The IRS’s “Last Known Address” Rule

Published Categorized as Tax Procedure
The Irs’s “last Known Address” Rule
The Irs’s “last Known Address” Rule

The IRS relies on mail to alert taxpayers of important events.  It also relies on mail to provide notice that is required by the Code.   Given the importance of these alerts and notices, taxpayers are often surprised to find out that there is no requirement that the taxpayer actually receives most IRS notices.  The IRS just has to show that it mailed the notice to the taxpayer’s last-known-address.  

The IRS’s Obligation is to Send Notices

The IRS is only required to send IRS notices to the taxpayer’s “last known address.”

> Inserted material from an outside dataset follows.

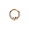 Šis ļoti piemīlīgais uz priekšu vērstais pīrsingu gredzens ir izgreznots ar diviem taureņiem, kurus ieskauj smalki cirkonija akmentiņi. Tā kā gredzena aizdares mehānisms ir eņģīte, rotaslietu ir viegli nostiprināt Tavā pīrsingā.

The courts have defined the phrase “last known address” as:

the taxpayer’s last permanent address or legal residence known by the IRS, or the last known address of a definite duration to which the taxpayer has directed the IRS to send all communications during such period.

Generally, the taxpayer’s “last known address” is the address on the taxpayer’s most recently filed tax return, unless the taxpayer notifies the IRS that they have a different address.

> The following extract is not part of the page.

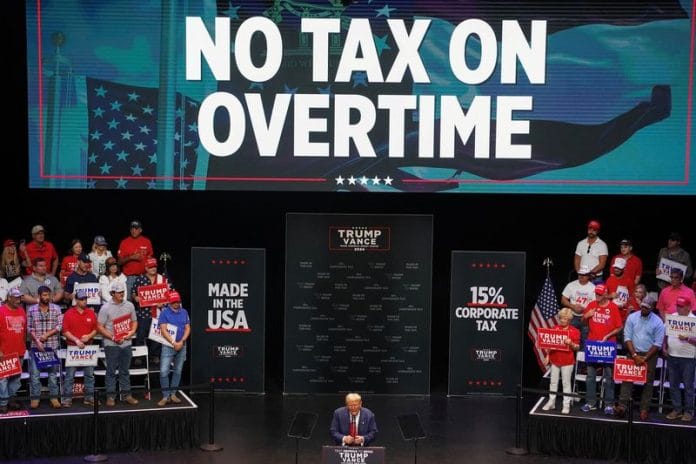 Trump said on Sept. 12 that if he is elected he will end all taxes on overtime pay as part of a wider tax cut package.

The IRS’s obligation typically ends there.

Obligation to Notify of Address Changes

It is incumbent on the taxpayer to keep the IRS apprised of the taxpayer’s current address.

This obligation is not absolute, however. If the IRS is aware of a new address, the IRS must exercise “reasonable care” in ascertaining the correct address.

When it Really Matters

The last known address rule comes up in assessment and collection cases.

In assessment cases, the IRS is obligated to notify the taxpayer of proposed changes to their IRS accounts. This includes sending a notice of deficiency to the taxpayer, for example. The notice of deficiency gives the taxpayer 90 days to file a petition with the U.S. Tax Court to challenge the IRS’s petition. If the taxpayer does not respond timely, the U.S. Tax Court does not have jurisdiction to hear the tax dispute.

The last known address rule also comes up in collection cases. This often involves bank or wage levies. With these levies, the taxpayer may first find out that it missed IRS correspondence when he receives a letter from his bank or a letter from his employer indicating that the IRS has levied or seized their bank account or wages. At this point, the taxpayer contacts the IRS only to find out that the IRS had sent several IRS notices to an incorrect address. The taxpayer will have waived his right to certain collection safeguards in this situation.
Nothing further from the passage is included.